Расставшись с Тишкой, взобрался на холм, поросший мощным кедровником. Холм, словно дозорный, глядел поверх урмана. Отсюда был виден весь Сургут. Но первой бросилась в глаза покривившаяся маковка деревянной церкви. Из-под ног с сердитым писком юркнул бурундучок. Взобравшись на кедр, казалось, стал браниться: «Чо шляешься тут, бродяга?» Однако сердиться зверьку надоело, он обмахнул себя лапами и скоро задремал.
– Смерть проспишь, соня! – крикнул Пикан, заметив мелькнувшего молнией соболя.
Бурундук опять тревожно пискнул, свалился с сука, на котором дремал, и скрылся в норке. Соболь, наткнувшись на человека, сорвавшего ему охоту, зло оскалился, выгнул спинку и скрылся.
«Какая изобильная земля! Всю Расею прошел от Светлухи – такого не видывал», – изумленно оглядывался Пикан. Теперь лес этот стал понятней. Он суров и сдержан, но вглядись, вслушайся: беспокойная, стремительная жизнь, полная страстей и борений, кипит в каждом его уголке. Не поскупилась природа-мать, отвалила здешнему краю всего вдоволь. Комарья тоже. Уже июль на исходе, а гнус бунчит, донимает. За церковью, отовсюду видной, опять лес. Его рассекла пополам река, и катит, и катит спокойные волны, облизывая ими ближние острова, песчаный обрывистый берег. Другой берег пропал в синеве дня и угадывался верст через семь, где даль была темнее.

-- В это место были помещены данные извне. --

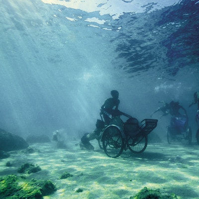 そのほかにも、自動車や家電を用いたサウンド・スカルプチャー《プライウッド新地》で動く都市をつくる宇治野宗輝、伝統的な琉球着にジュゴンや軍事用ドローン、沖縄の人々といったモチーフを染めあげた《遥か遠くからの未来より》を提示する照屋勇賢などが参加。
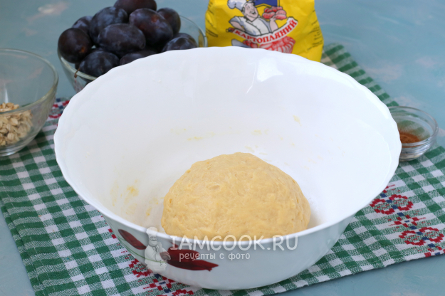 Замесить мягкое тесто, которое не будет липнуть к рукам. Поставить тесто в тёплое место для подхода на 40-45 минут, прикрыв его полотенцем.
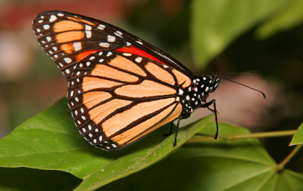 Monarch resting on a green leaf with their wings closed. Photo Credits: Garden Blog / DESERT BOTANICAL Garden
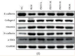 Figure 4 The expression levels of E-cadherin (a), collagen I (b), vimentin (c), N-cadherin (d), and a-SMA (e) protein and their protein band (f) in the lung tissue of mice in each group. NC, normal control group; BLM, bleomycin-induced systemic sclerosis model group; PESV-L, low-dose PESV intervention group; PESV-M, medium-dose PESV intervention group; PESV-H, high-dose PESV intervention group; DXM, dexamethasone intervention group....
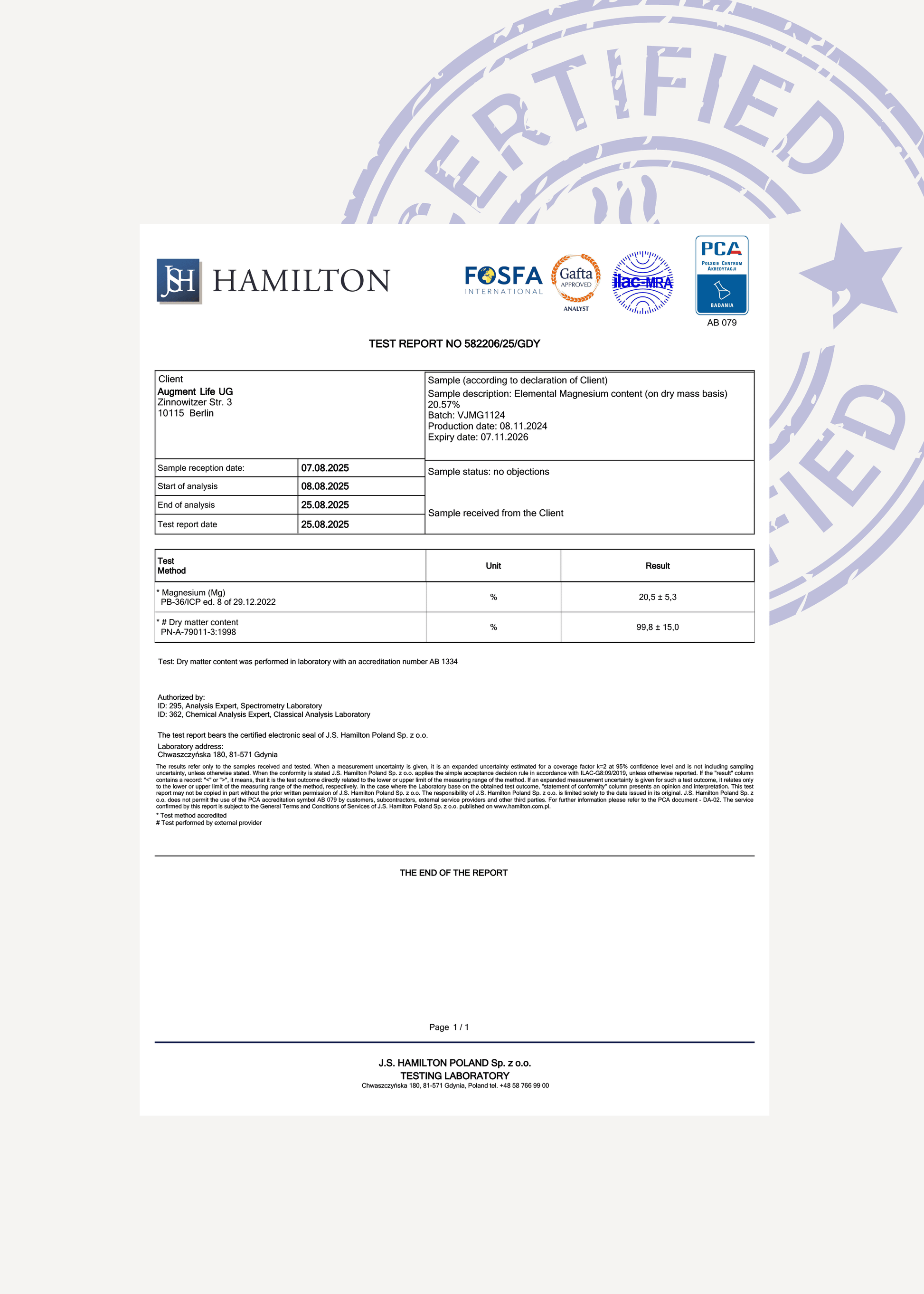 And to be sure no mistakes have been made, Augment Life sends all its supplements to third-party certified laboratories to verify the purity and quality is as expected.
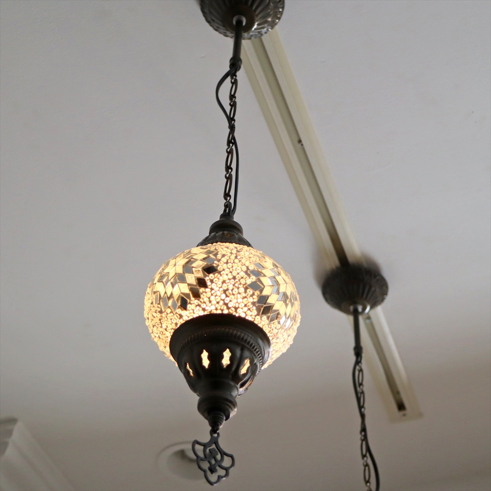 - トルコランプ モザイクランプ 直径13cm 全高67cm ホワイト ペンダントライト
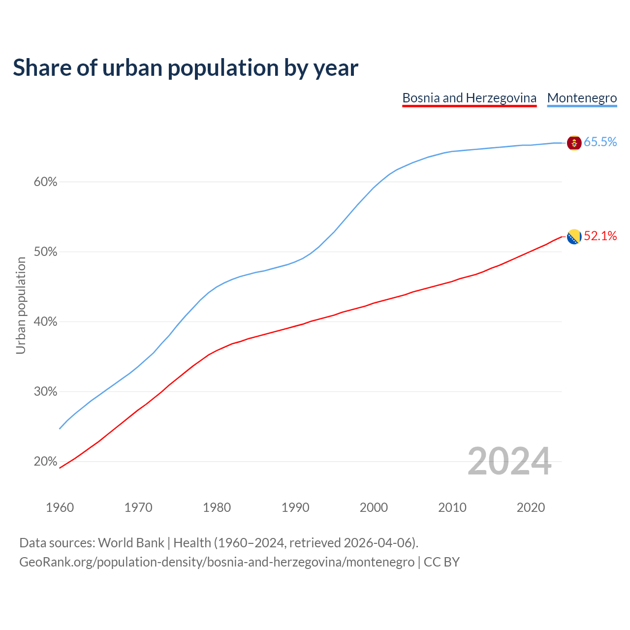 From 2004 to 2024, the share of urban population changed from 43.8% to 52.1% in Bosnia and Herzegovina and from 62.2% to 65.5% in Montenegro.
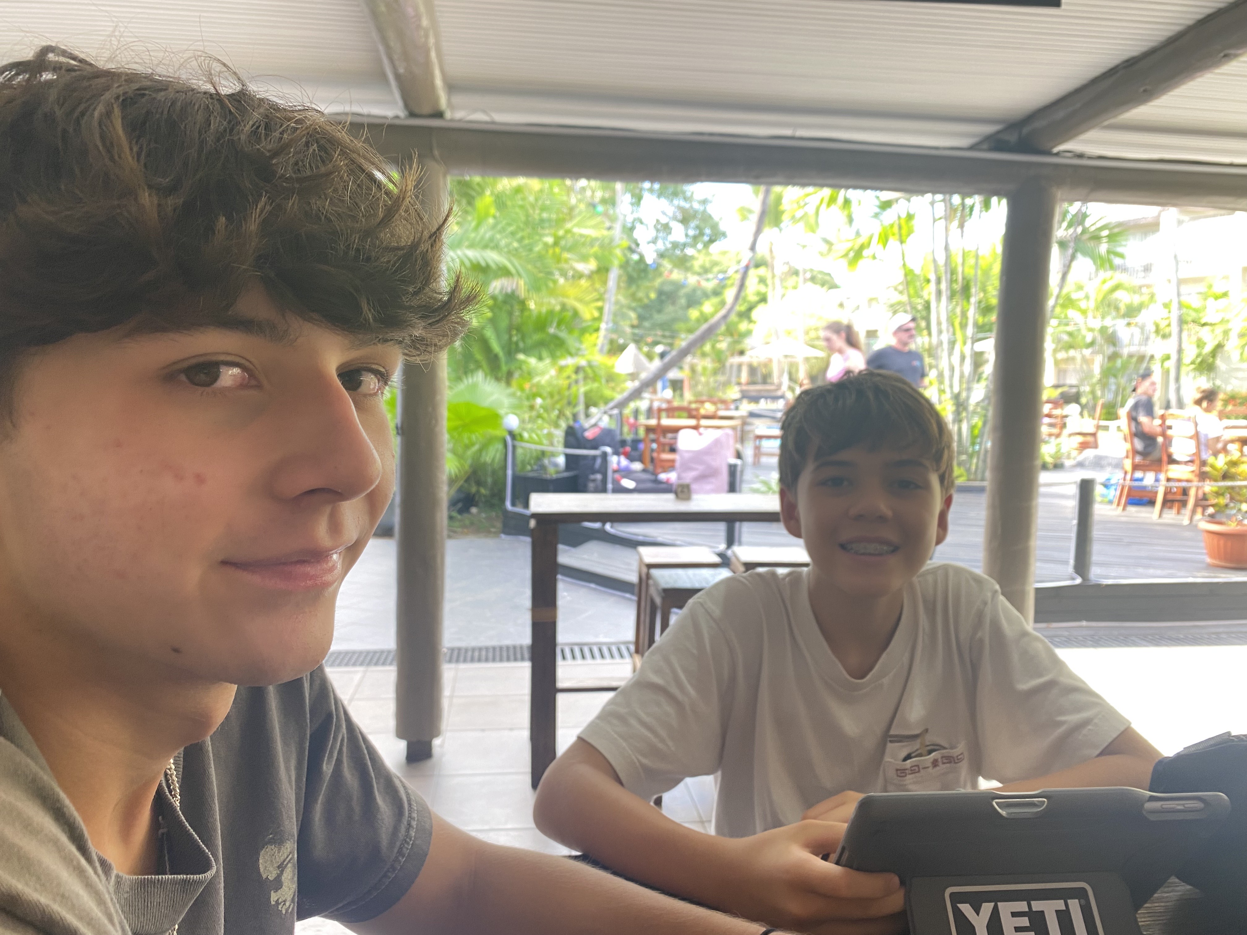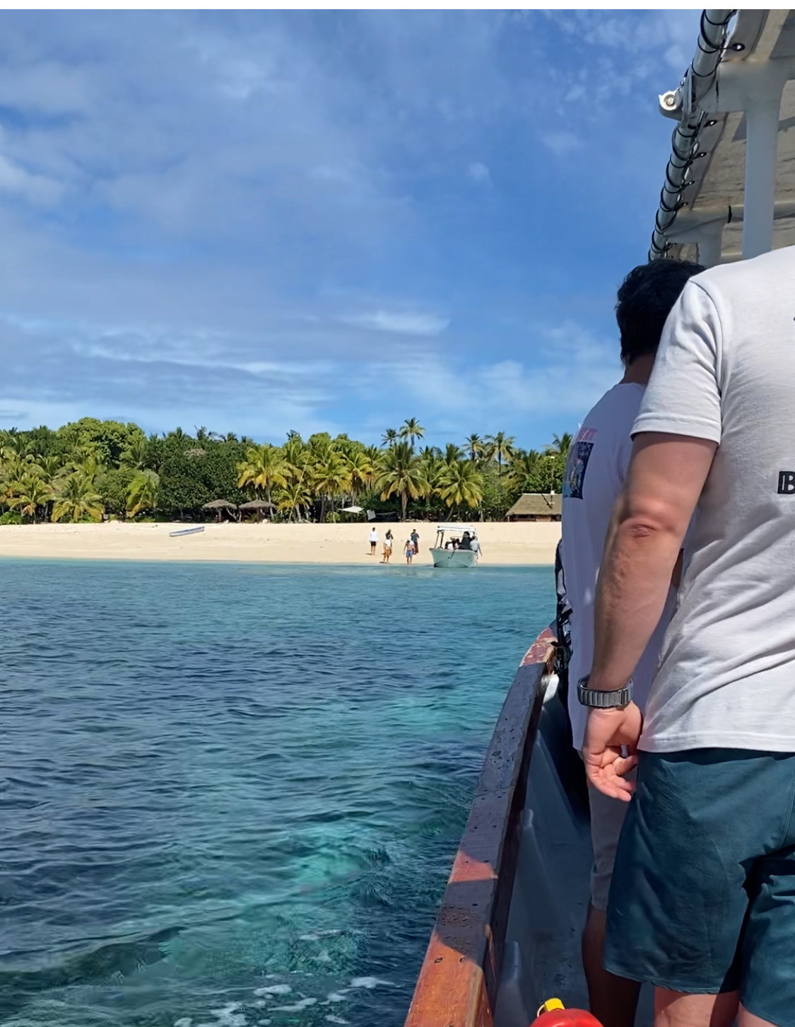 Our White Lotus moment (Pulling up to the island, greeted by the Fijians) Elizabeth M. Kiefer emkiefer
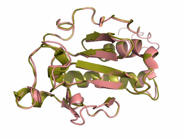 The hedgehog (brown) and sonic hedgehog (pink) gene products are highly similar in structure. This is just the N-terminal half, as the C-terminal portion of sonic has yet to be solved in 3D.

Под взлобышем застучали колеса. Где-то совсем рядом подвода остановилась. Тюкнул топор, потом кто-то вскрикнул, и все смолкло. Лишь подала голос кедровка да снова высунулся из норки потревоженный бурундук.
«Не зверь ли кого дерет?» – Пикан вслушался, уловив еще один вскрик. Со стороны дороги донеслась глухая возня. По-прежнему напрягая слух, Пикан крадучись спустился вниз и вздрогнул. На муравьиной куче с кляпом во рту возился голый мужик, рвал сыромятные путы. Тело его было черно от муравьев. Рядом молча стояли с полдюжины остяков.
– Эй, вы чо! – Растолкав стоявших, Пикан начал распутывать ремни. Но чьи-то крепкие руки – много рук – схватили его за плечи, стиснули горло. От рук шел сильный и нечистый запах. – А, та-ак? – Пикан хватил зубами рвущие рот пальцы. Рот наполнился чужой кровью. Сплюнув ее, сорвал с горла руки и, дикий, страшный, стал молотить нападавших на него остяков. Кто мог еще двигаться, кинулись прочь от него, пали в упряжки, ждавшие неподалеку, гикнули и вмиг исчезли. Пикан, дрожа от неутоленной ярости, ничего не видя перед собой, шел следом. Стукнувшись о кедр, остановился, затряс головой и, вспомнив о связанном мужике, повернул обратно. Мужик, изловчившись, скатился с кучи, но легче ему не стало. Муравьи и гнус лезли в рот, в нос, в уши, жалили тело.
Развязав его, Пикан всхлипнул и обессиленно пал рядом, словно его, а не мужика жалили насекомые. Тот матерился, смахивал их ладонью и топтал. Лицо, руки и тело были искусаны до пузырей.
– Оплеснись водой, – хотел посоветовать Пикан, но с распухших, окровавленных губ сорвалось невнятное блекотанье.
Мужик подскочил к своему спасителю, встревоженно заглянул в его страдающие глаза.
– Не хотел ведь я, не хоте-ел! – наконец выдавил Пикан и, отстранив мужика, пополз к остякам, лежавшим без сознания. – Простите меня! Опять зарок свой нарушил. – Пикан бил лбом оземь, но остяки лежали недвижно.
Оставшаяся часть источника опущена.